Les élèves de milieu populaire réussissent mieux s’ils sont scolarisés dans des écoles et établissements non ségrégués – tout particulièrement dans le cadre de pédagogies coopératives. Dans de larges proportions, ils sont plus nombreux à poursuivre leurs études dans le supérieur s’ils évoluent dans une école ou un établissement mixte socialement et ethniquement. Ce n’est pas moi qui le dis, ce sont plusieurs études qui le prouvent - on notera la très complète revue de littérature publiée par Pauline Charousset, Marion Monnet et Youssef Souidi « Ségrégation sociale en milieu scolaire : appréhender ses causes et déterminer ses effets ». Si les élèves de milieux plus favorisés « ne gagnent rien » scolairement à cette mixité, leur niveau n’en pâtit pas non plus, contrairement aux discours de certains… Mieux ! ils y gagnent en matière de compétences psychosociales.
On peut donc légitimement s’interroger sur les politiques d’urbanisme, mais aussi sur le financement de l’enseignement privé qui scolarise une majorité d’élèves de milieux favorisés.
Œuvrer à une plus grande mixité est fondamental, mais ce n’est pas tout… L’École a besoin d’un temps long, d’un temps éloigné du temps politique. Il s’agit de sortir du Stop n’go. Il s’agit de penser les réformes sur le long terme et non selon le projet du locataire de la rue de Grenelle – et vu comme ils et elles se succèdent depuis un an, c’est loin d’être rassurant… L’École est un objet politique. Elle a besoin d’être au centre d’un projet politique ambitieux. Malheureusement, aujourd’hui, il y a plus d’opportunisme que d’intérêt réel chez les ministres…
Comme je le disais au début de notre entretien, choisir le modèle éducatif que l’on défend, c’est faire le choix du modèle de société que l’on veut.
Chronik - Comment renouer avec la promesse républicaine d'une école au service de l'égalité et de la citoyenneté ? Quels sont les chantiers et mesures prioritaires ?
LBH - Pour une École de tous et toutes au service de toutes et tous, il faut qu’elle redevienne notre bien commun. Que l’on se rappelle que c’est en son sein que se joue notre avenir à toutes et tous. Les chantiers sont multiples, vous vous en doutez bien.

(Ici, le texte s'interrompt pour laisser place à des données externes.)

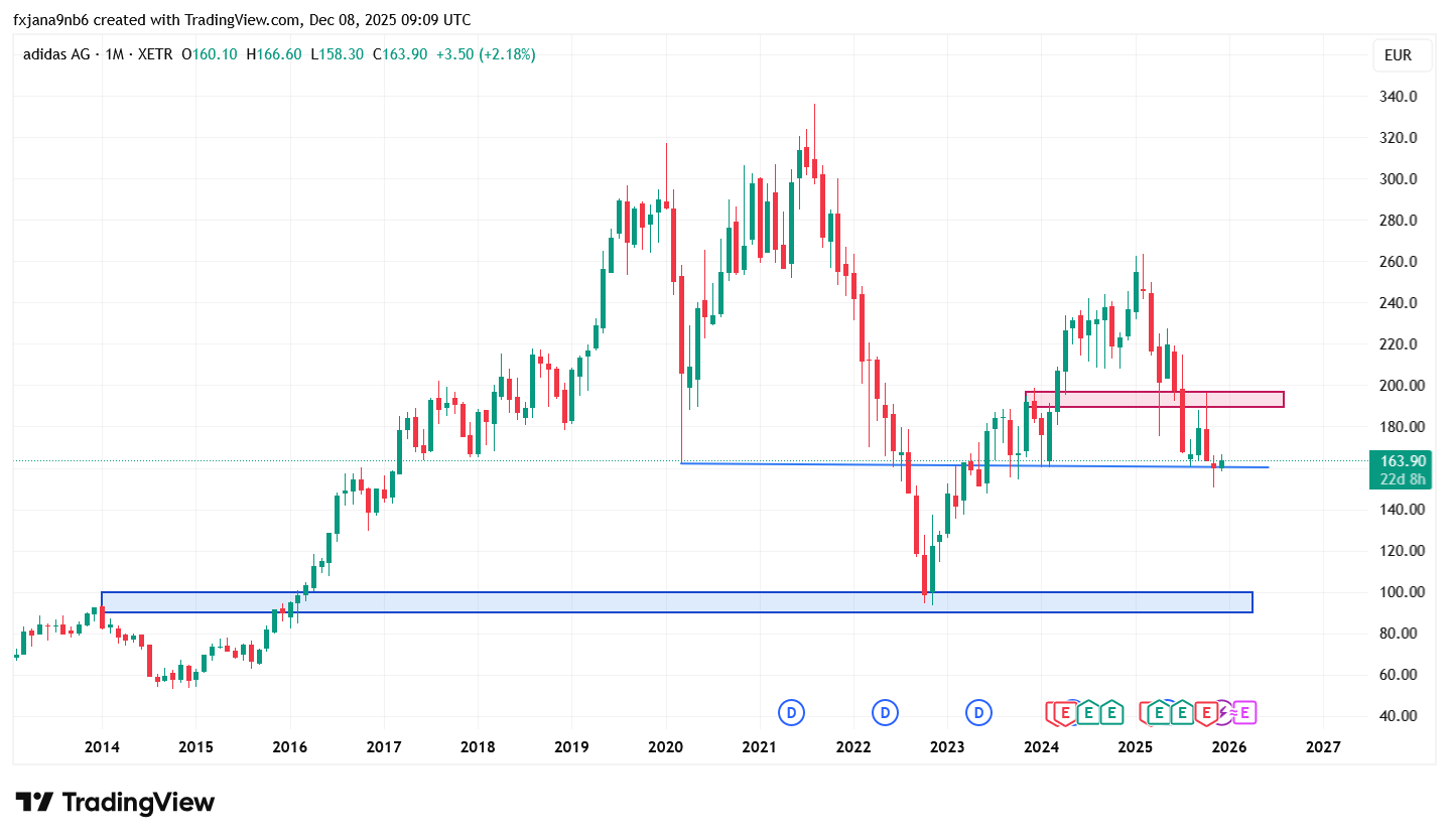 Vývoj ceny akcií firmy Adidas na měsíčním grafu (MN):

L’école a évidemment besoin de moyens. Elle a besoin que ses personnels soient revalorisés et mieux formés – voire formés tout court. Elle a besoin de classes moins chargées (je rappelle que l’école française fait partie de celles ayant le plus d’élèves par classe en Europe…).
Notre école a besoin que les équipes pédagogiques retrouvent du sens dans leur mission. Pour ce faire, elles ont besoin de temps. De temps pour se retrouver entre professionnels afin de faire vivre les collectifs. De temps pour être à l’écoute des besoins de leurs élèves. De temps pour s’interroger, mettre en place des pédagogies coopératives et innover - j’aime à penser que l’école est un laboratoire.
Mais si l’École peut beaucoup, elle ne peut pas seule. Elle a besoin que la notion de communauté éducative prenne tout son sens. La place des parents doit être reconnue, les structures médico-sociales – de moins en moins nombreuses, doivent être soutenues budgétairement, tout comme l’éducation populaire, qui prépare aussi à l’exercice de la citoyenneté.
L’école a besoin de constance et d’apaisement. Le monde de demain se construit aujourd’hui, donnons à notre avenir les moyens de sa réussite.